[TASK TO CARRY OUT]
Look below for the line with "两朵粉菊伴墨叶于淡彩背景" and the line with "La tarde de"; repeat exactly those two lines and all lines between them, but no pictures.

[SOURCE MATERIAL]
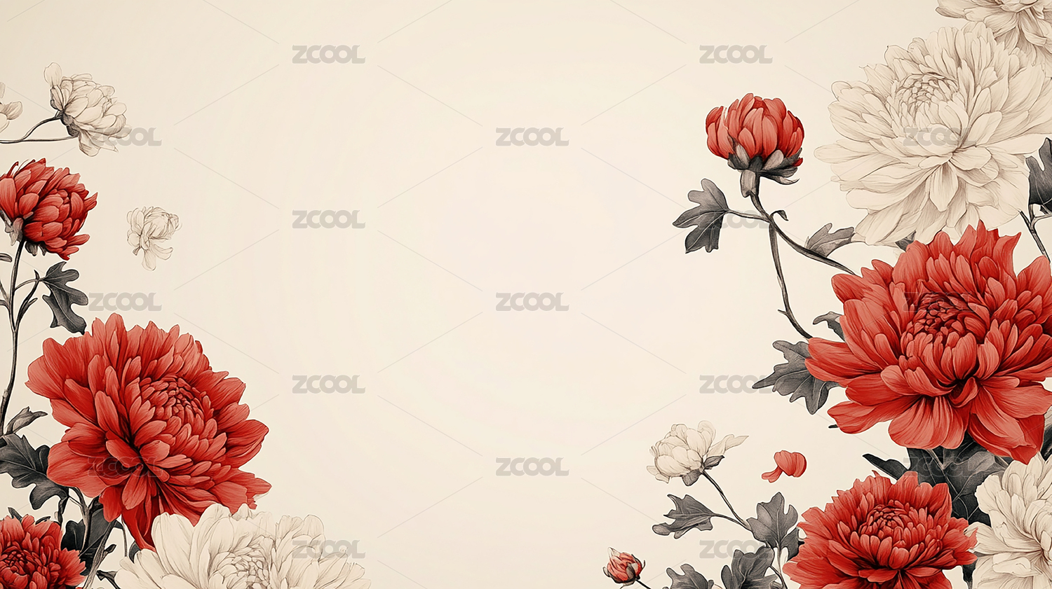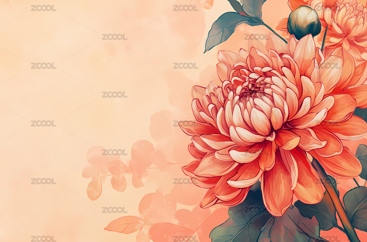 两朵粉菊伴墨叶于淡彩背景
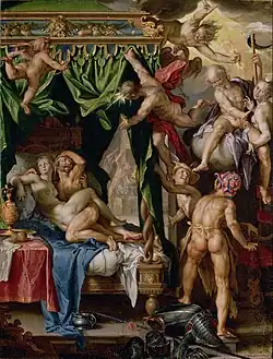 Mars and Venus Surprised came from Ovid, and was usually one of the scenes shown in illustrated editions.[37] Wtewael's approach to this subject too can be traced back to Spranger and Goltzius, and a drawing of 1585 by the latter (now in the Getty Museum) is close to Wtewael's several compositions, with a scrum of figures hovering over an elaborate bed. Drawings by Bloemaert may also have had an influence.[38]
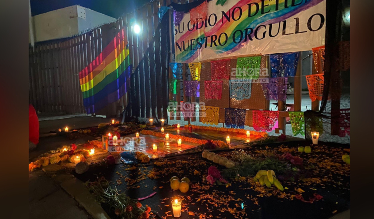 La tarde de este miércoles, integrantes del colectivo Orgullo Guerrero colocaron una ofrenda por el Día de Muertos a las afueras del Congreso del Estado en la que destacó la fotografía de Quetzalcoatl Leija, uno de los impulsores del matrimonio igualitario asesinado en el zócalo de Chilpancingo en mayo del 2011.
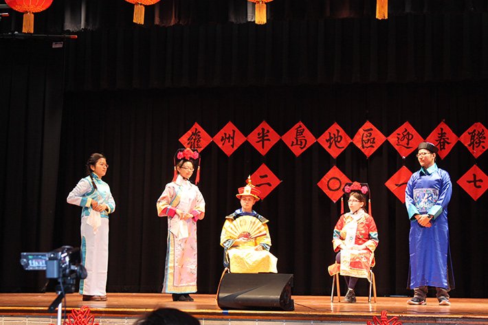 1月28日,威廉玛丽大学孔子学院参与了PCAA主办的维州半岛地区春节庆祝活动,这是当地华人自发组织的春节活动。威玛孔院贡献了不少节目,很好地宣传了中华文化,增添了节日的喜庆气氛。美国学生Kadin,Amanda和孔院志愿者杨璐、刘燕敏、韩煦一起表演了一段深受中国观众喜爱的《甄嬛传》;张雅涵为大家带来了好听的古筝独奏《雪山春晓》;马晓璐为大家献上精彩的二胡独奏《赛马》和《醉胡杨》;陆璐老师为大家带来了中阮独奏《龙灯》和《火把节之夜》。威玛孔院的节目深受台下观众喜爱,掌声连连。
---
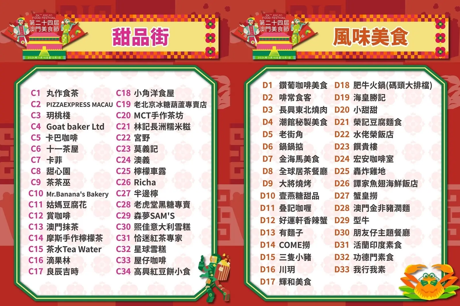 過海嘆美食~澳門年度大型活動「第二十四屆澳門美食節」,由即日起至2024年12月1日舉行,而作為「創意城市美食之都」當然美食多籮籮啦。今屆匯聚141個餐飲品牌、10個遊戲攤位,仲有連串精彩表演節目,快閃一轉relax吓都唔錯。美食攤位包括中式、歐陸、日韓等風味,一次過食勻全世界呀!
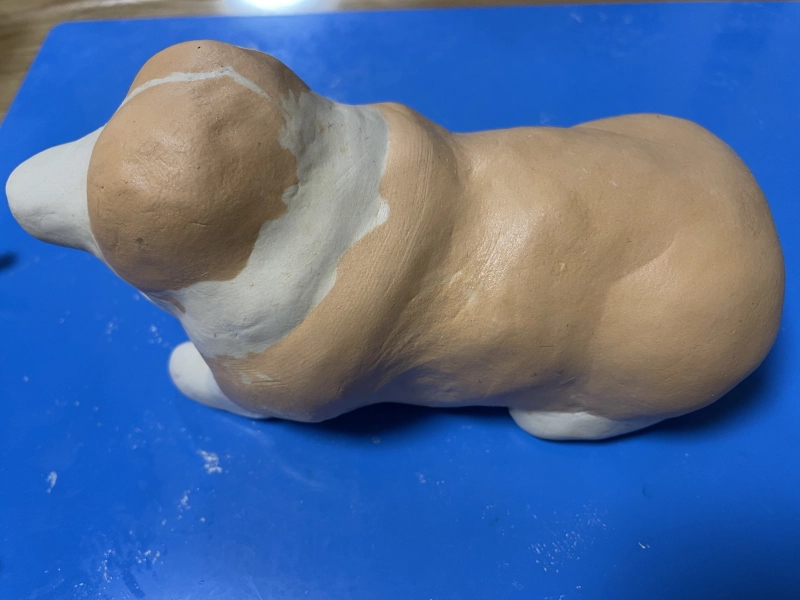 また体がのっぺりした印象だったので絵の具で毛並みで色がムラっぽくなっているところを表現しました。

[RESPONSE BOX]
 两朵粉菊伴墨叶于淡彩背景
 Mars and Venus Surprised came from Ovid, and was usually one of the scenes shown in illustrated editions.[37] Wtewael's approach to this subject too can be traced back to Spranger and Goltzius, and a drawing of 1585 by the latter (now in the Getty Museum) is close to Wtewael's several compositions, with a scrum of figures hovering over an elaborate bed. Drawings by Bloemaert may also have had an influence.[38]
 La tarde de este miércoles, integrantes del colectivo Orgullo Guerrero colocaron una ofrenda por el Día de Muertos a las afueras del Congreso del Estado en la que destacó la fotografía de Quetzalcoatl Leija, uno de los impulsores del matrimonio igualitario asesinado en el zócalo de Chilpancingo en mayo del 2011.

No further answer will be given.